Any pictures in the records below must be left out when you repeat the lines from the line containing "me.maのワンピース「シア" through the line containing "Bring the nautical" exactly.

## Records to process
● ● ● ●

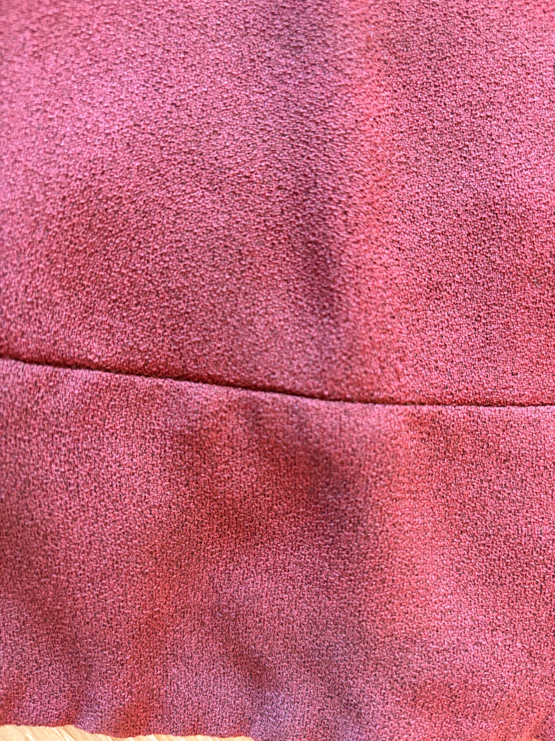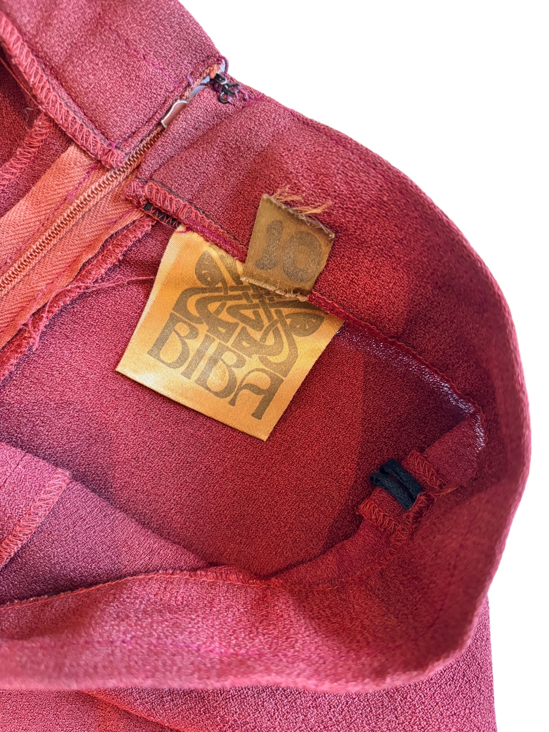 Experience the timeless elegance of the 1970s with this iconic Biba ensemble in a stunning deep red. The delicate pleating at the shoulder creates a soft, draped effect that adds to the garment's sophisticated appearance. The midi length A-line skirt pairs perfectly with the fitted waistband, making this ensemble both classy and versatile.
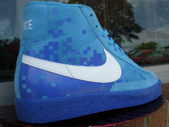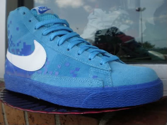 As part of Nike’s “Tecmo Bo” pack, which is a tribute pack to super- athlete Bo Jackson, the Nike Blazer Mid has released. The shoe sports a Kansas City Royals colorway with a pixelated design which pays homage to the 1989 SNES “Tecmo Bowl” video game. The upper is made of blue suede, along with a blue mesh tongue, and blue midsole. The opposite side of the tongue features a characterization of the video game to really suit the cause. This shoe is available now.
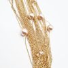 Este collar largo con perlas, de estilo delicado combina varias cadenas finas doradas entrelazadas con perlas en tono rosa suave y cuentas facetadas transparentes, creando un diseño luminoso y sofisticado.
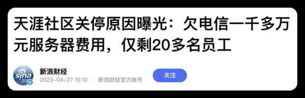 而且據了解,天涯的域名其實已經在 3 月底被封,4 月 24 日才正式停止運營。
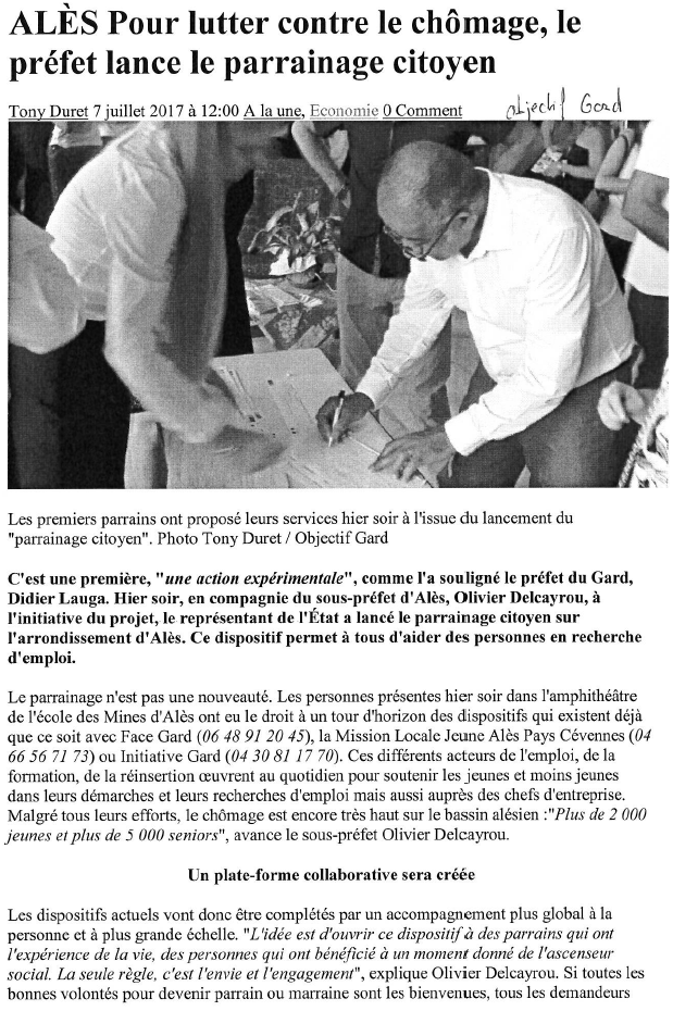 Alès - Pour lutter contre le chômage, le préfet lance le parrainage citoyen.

● ● ● ●

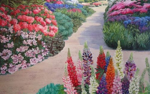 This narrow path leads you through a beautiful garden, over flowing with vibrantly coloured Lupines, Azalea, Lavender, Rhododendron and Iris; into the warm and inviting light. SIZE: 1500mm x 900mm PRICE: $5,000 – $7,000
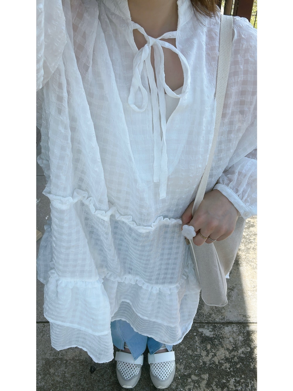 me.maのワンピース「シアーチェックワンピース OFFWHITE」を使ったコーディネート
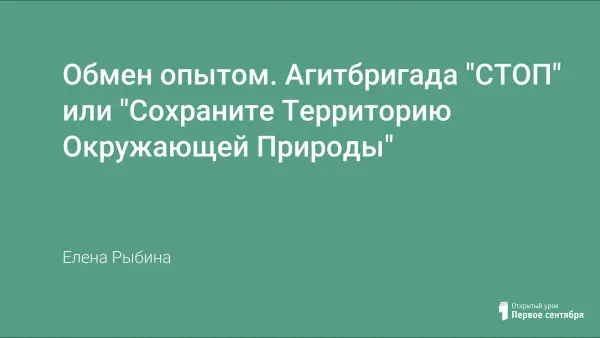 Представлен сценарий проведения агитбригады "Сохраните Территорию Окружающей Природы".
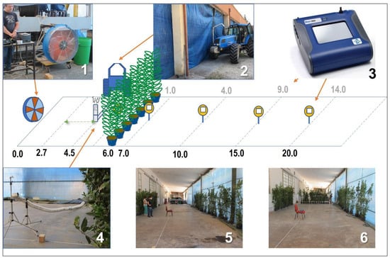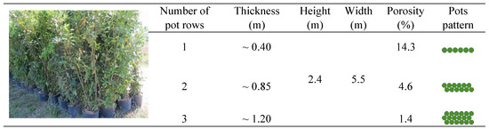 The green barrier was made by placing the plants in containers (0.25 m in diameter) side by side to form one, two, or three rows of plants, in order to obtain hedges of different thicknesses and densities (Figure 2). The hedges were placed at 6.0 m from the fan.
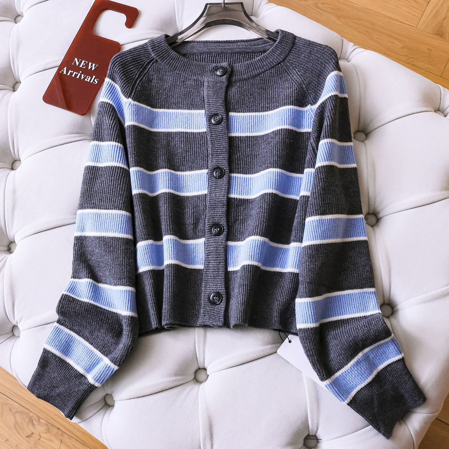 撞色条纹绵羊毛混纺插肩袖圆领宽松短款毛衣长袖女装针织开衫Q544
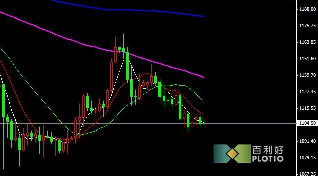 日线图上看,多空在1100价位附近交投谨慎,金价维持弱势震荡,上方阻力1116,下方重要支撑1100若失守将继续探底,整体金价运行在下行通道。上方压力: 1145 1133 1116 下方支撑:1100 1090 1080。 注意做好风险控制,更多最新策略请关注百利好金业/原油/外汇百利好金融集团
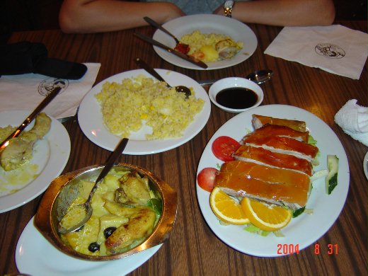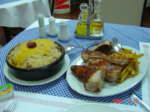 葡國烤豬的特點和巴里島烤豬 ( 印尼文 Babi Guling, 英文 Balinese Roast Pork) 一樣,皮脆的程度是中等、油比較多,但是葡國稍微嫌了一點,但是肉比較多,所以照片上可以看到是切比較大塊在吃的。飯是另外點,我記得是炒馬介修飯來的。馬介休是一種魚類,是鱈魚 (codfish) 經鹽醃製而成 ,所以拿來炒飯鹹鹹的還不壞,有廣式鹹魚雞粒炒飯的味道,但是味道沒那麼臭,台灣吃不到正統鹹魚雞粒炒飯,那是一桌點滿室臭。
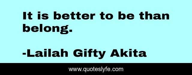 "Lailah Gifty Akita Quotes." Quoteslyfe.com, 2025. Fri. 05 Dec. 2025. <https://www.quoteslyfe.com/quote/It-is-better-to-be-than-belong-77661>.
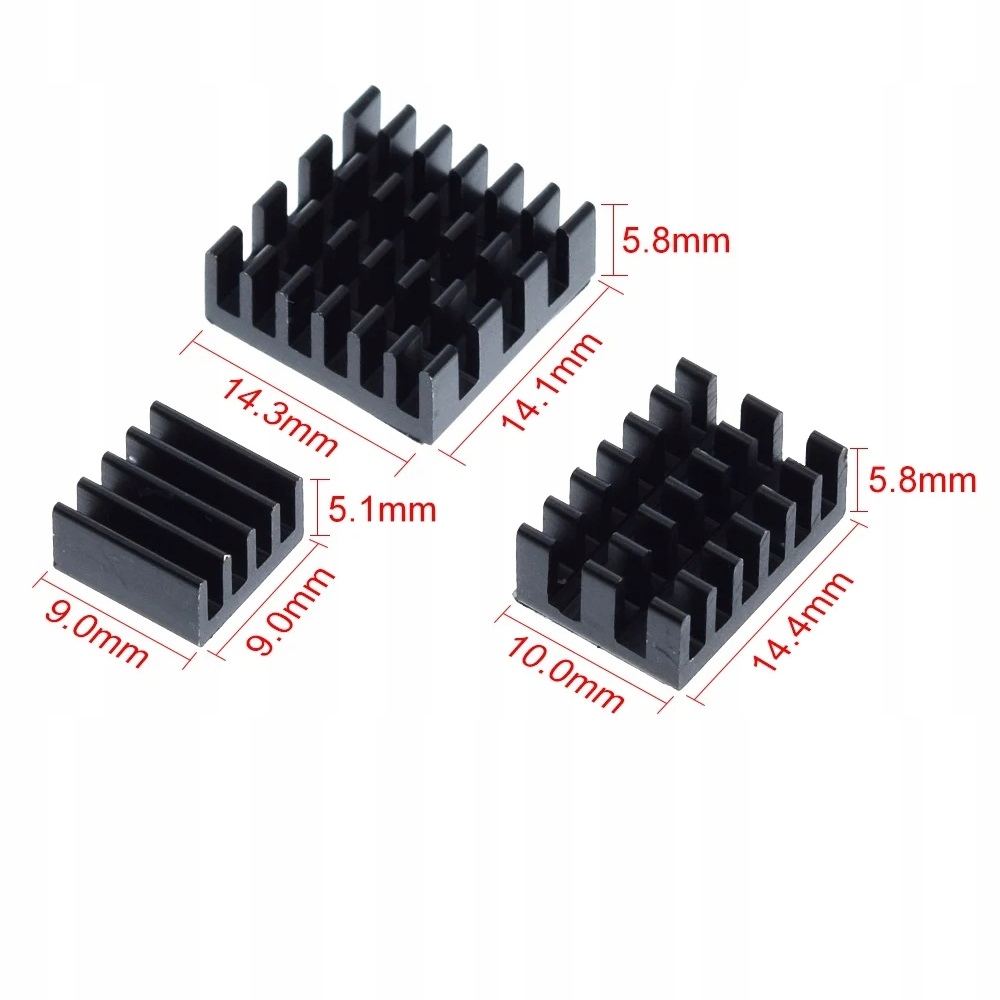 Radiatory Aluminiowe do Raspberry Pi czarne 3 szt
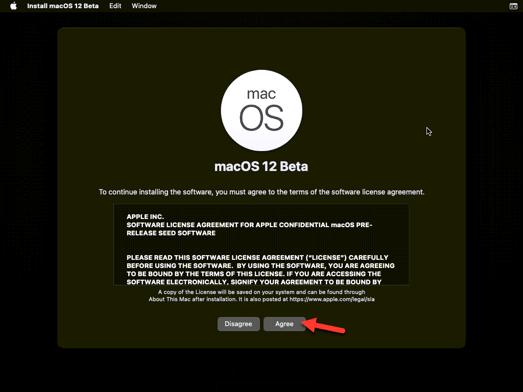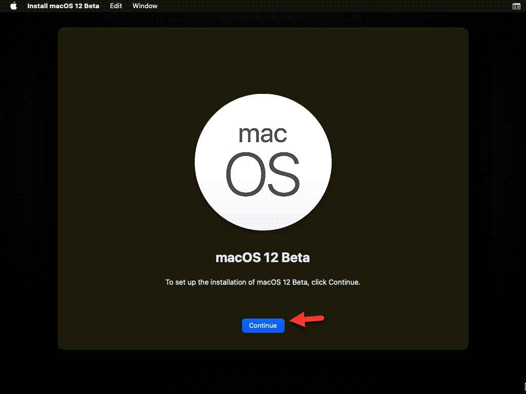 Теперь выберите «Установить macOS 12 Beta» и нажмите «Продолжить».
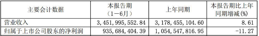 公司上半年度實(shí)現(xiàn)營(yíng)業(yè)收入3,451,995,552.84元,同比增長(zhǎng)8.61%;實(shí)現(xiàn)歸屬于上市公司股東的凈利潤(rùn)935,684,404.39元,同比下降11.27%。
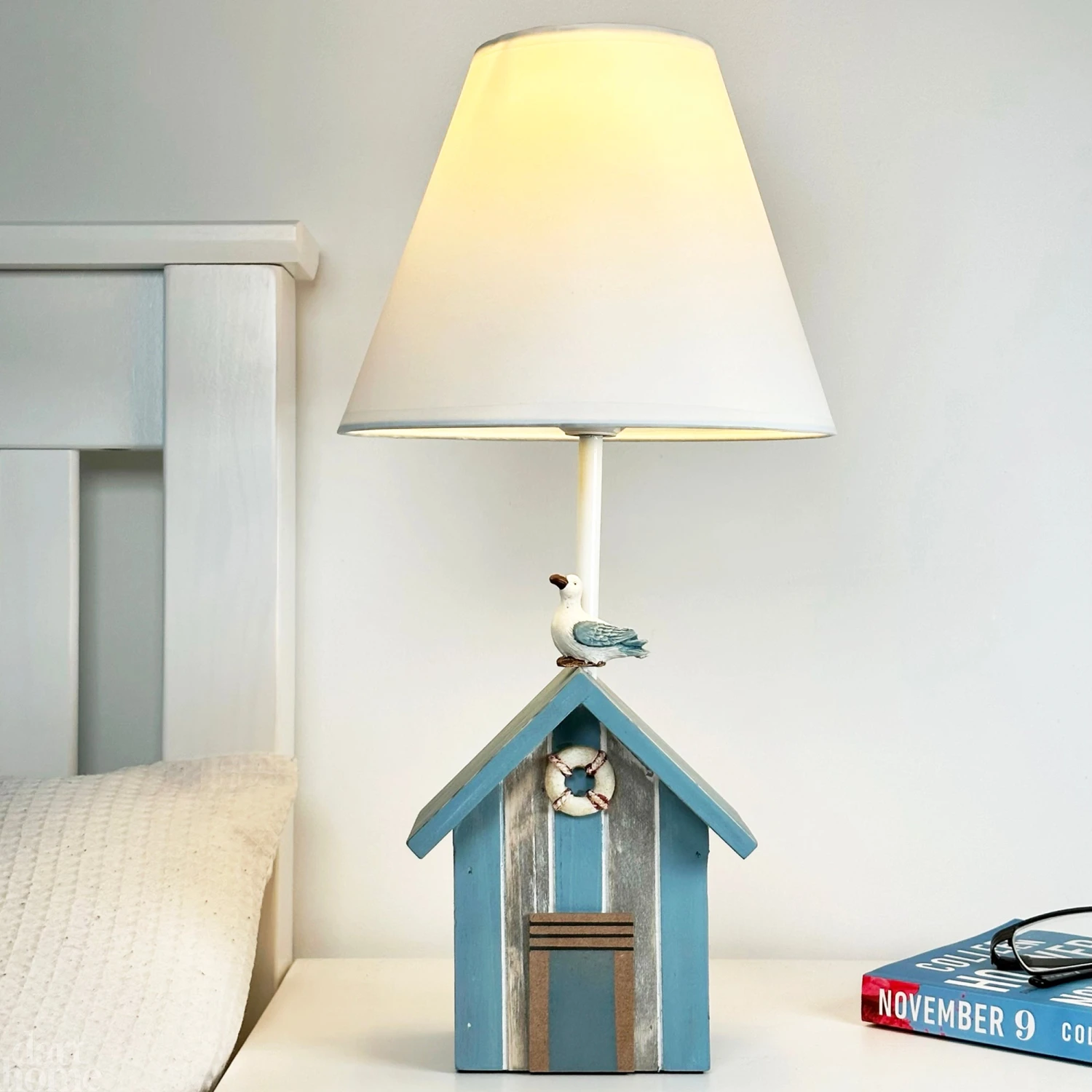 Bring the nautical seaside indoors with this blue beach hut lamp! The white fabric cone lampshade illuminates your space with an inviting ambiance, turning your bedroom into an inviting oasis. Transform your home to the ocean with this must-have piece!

● ● ● ●

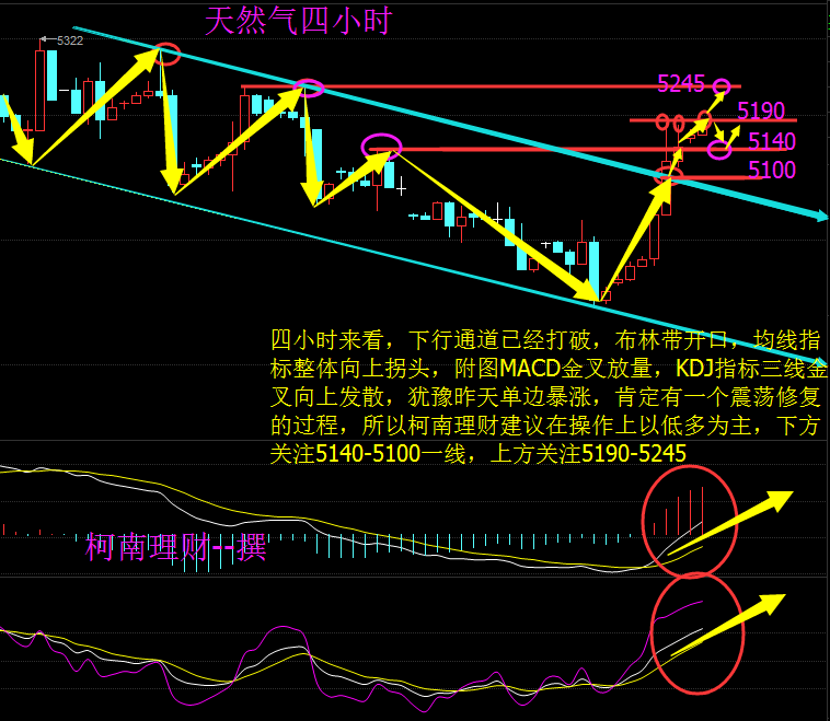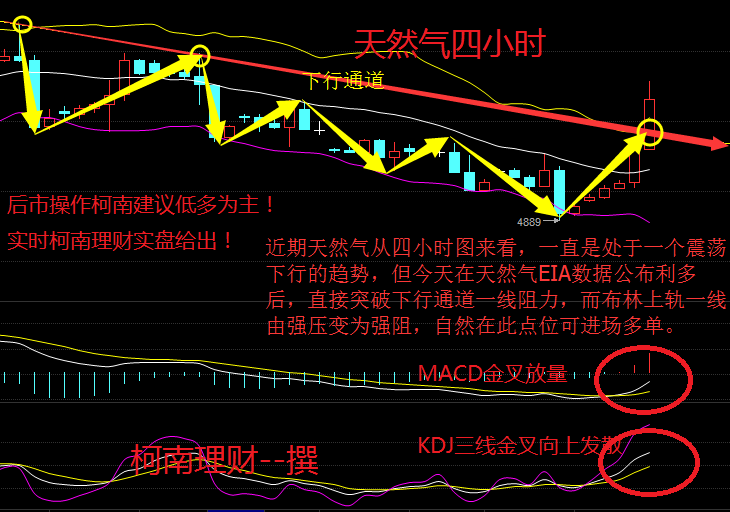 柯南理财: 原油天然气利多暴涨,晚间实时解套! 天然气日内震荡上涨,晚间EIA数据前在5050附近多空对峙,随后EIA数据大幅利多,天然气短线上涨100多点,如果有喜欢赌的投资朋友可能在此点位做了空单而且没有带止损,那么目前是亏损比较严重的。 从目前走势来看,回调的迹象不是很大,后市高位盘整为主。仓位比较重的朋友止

● ● ● ●

## Response below
 me.maのワンピース「シアーチェックワンピース OFFWHITE」を使ったコーディネート
 Представлен сценарий проведения агитбригады "Сохраните Территорию Окружающей Природы".
 The green barrier was made by placing the plants in containers (0.25 m in diameter) side by side to form one, two, or three rows of plants, in order to obtain hedges of different thicknesses and densities (Figure 2). The hedges were placed at 6.0 m from the fan.
 撞色条纹绵羊毛混纺插肩袖圆领宽松短款毛衣长袖女装针织开衫Q544
 日线图上看,多空在1100价位附近交投谨慎,金价维持弱势震荡,上方阻力1116,下方重要支撑1100若失守将继续探底,整体金价运行在下行通道。上方压力: 1145 1133 1116 下方支撑:1100 1090 1080。 注意做好风险控制,更多最新策略请关注百利好金业/原油/外汇百利好金融集团
 葡國烤豬的特點和巴里島烤豬 ( 印尼文 Babi Guling, 英文 Balinese Roast Pork) 一樣,皮脆的程度是中等、油比較多,但是葡國稍微嫌了一點,但是肉比較多,所以照片上可以看到是切比較大塊在吃的。飯是另外點,我記得是炒馬介修飯來的。馬介休是一種魚類,是鱈魚 (codfish) 經鹽醃製而成 ,所以拿來炒飯鹹鹹的還不壞,有廣式鹹魚雞粒炒飯的味道,但是味道沒那麼臭,台灣吃不到正統鹹魚雞粒炒飯,那是一桌點滿室臭。
 "Lailah Gifty Akita Quotes." Quoteslyfe.com, 2025. Fri. 05 Dec. 2025. <https://www.quoteslyfe.com/quote/It-is-better-to-be-than-belong-77661>.
 Radiatory Aluminiowe do Raspberry Pi czarne 3 szt
 Теперь выберите «Установить macOS 12 Beta» и нажмите «Продолжить».
 公司上半年度實(shí)現(xiàn)營(yíng)業(yè)收入3,451,995,552.84元,同比增長(zhǎng)8.61%;實(shí)現(xiàn)歸屬于上市公司股東的凈利潤(rùn)935,684,404.39元,同比下降11.27%。
 Bring the nautical seaside indoors with this blue beach hut lamp! The white fabric cone lampshade illuminates your space with an inviting ambiance, turning your bedroom into an inviting oasis. Transform your home to the ocean with this must-have piece!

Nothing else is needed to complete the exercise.